Otra alternativa sería concesionar esas "obras sociales" --entendidas como salud, educación y seguridad--, en vista del creciente desastre en que tales servicios están cayendo a causa de las pocas cualificaciones y la falta de capacidad administrativa de los funcionarios que manejan los ministerios y entidades encargadas.
La idea es excelente pero el principal impedimento para llevarla a cabo, si es que existiera voluntad "política" de hacerlo, es el historial como país en cuanto a garantizar las inversiones que efectúen emprendedores extranjeros.
Aquí siempre se corre el riesgo de que, en un arranque de fervor patriótico, la Asamblea decrete caerle encima a bienes foráneos o la Corte se rebusque para lo mismo.
Si después de tres años de finalizado el Puerto de La Unión éste sigue tirado y deteriorándose porque la izquierda no logra superar su rechazo a todo lo que huela a inversiones y capital extranjero ¿quién querrá meter dinero en construir una carretera o escuelas, si nadie le asegura que recuperará su inversión?
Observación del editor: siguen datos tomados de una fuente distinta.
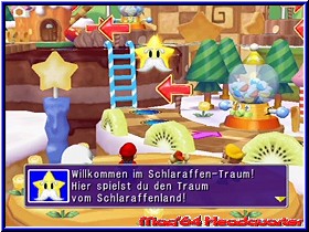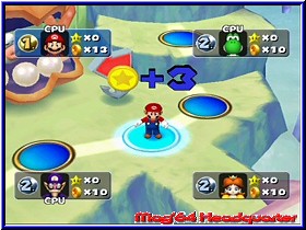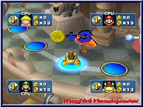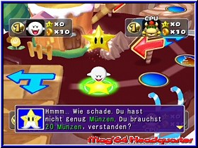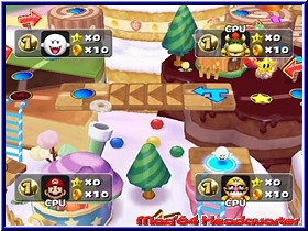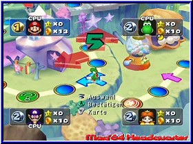 Wählt man den Party Modus also an sucht man zunächst vergebens nach dem guten Toad, der ja sonst immer den großen Zampano markiert hat. Was aber auch seinen Grund hat. Erste Neuheit hier ist die Wahl ob man den üblichen Jeder gegen Jeden Modus spielen möchte oder aber im Team 2-2 zocken will. Damit ist kein Minispiel gemeint, sondern das bei 4 menschlichen Spielern jeweils 2 miteinander über das gesamte Brett wuseln und Sterne wie Münzen addiert werden. Danach folgt wieder die Charakter Auswahl. Hier gibt es die nächste Neuerung. Zunächst sind nun 10 Recken anwählbar. Neben Toad sind Mini Bowser und Buu Huu als Charaktere wählbar. Was aber auch heißt es fehlt hier jemand. Genau, denn Donkey Kong ist im Party Modus nicht mehr dabei, da er nun auf den Brettern selber eine neue Aufgabe bekommen hat. Neben der Wahl der menschlichen Spieler wählt Ihr bei weniger als 4 Mitstreitern die Computergesteuerten Charaktere aus. Ihr könnt wieder jedem einen von anfänglich 3 Schwierigkeitsgraden zuweisen. Mario Party 5 bietet aber noch einen Extra Modus, der das leidige KI Thema ein wenig verändert. Doch dazu später mehr. Jetzt wählt Ihr euer gewünschtes Spielbrett aus. Etwas das immer wieder viele interessiert. Zu Beginn sind 6 Bretter anwählbar, die sich aber nun nicht mehr in Schwierigkeitsgrade aufteilen. Warum auch. Zusätzlich kann man ein 7. Brett freispielen und nutzen. Allerdings erst wenn man den Story Modus geschafft. Doch auch dazu später mehr. Nach der Brettwahl folgt immer die Einstellung für das aktuelle Spiel. Beibehalten wurde die Rundenwahl, die wieder bei 10 beginnt und in 5er Schritten bis zu den bekannten 50 Runden betragen kann. Ihr könnt wieder Überraschungsfelder aktivieren, die plötzlich auf dem Spielbrett per Zufall einen Stern oder Münzen aktivieren. Dazu ob alle Minispiele erlaubt sein sollen und ob bestimmte Spieler ein Handicap erhalten sollen. Aber ich finde das hat in einem Mario Party Spiel nichts zu suchen. Wer möchte kann sich die Regeln eines Mario Party Spiels wieder in einem Tutorial anschauen. So ausgestattet kann das Spiel eigentlich losgehen. In einem Zoom View wird auf das gewählte Brett geschwenkt und die 4 Möchtegern Party Stars befinden sich am Start Feld des Brettes. Ziel ist es natürlich auch in diesem Spiel wieder durch das Erringen von Sternen ein Brett zu gewinnen. Er wird wieder in der Grundversion für 20 Münzen gekauft, sobald der Spieler ein derartiges Feld erreicht. Ebenfalls gleich geblieben ist die Art und Weise des Vorankommens über einen Würfel, der sich über dem Kopf des Charakters dreht wenn er dran ist. Wie im 4er auch springen die Helden etwas verzögert nach oben, was eine geplante Zahl der möglichen Werte 1-10 schwerer macht. |

Aquí, parodiando al poeta Antonio Machado, "se hacen leyes al andar" y lo que tiene validez al inicio de la ruta se va descartando con el paso de los meses. Y no sólo eso, sino también a quien asume una obligación le suman nuevas, como cuando al contratar la construcción de una escuela piden luego que, por la misma cantidad, se haga un anexo que sirva de guardería.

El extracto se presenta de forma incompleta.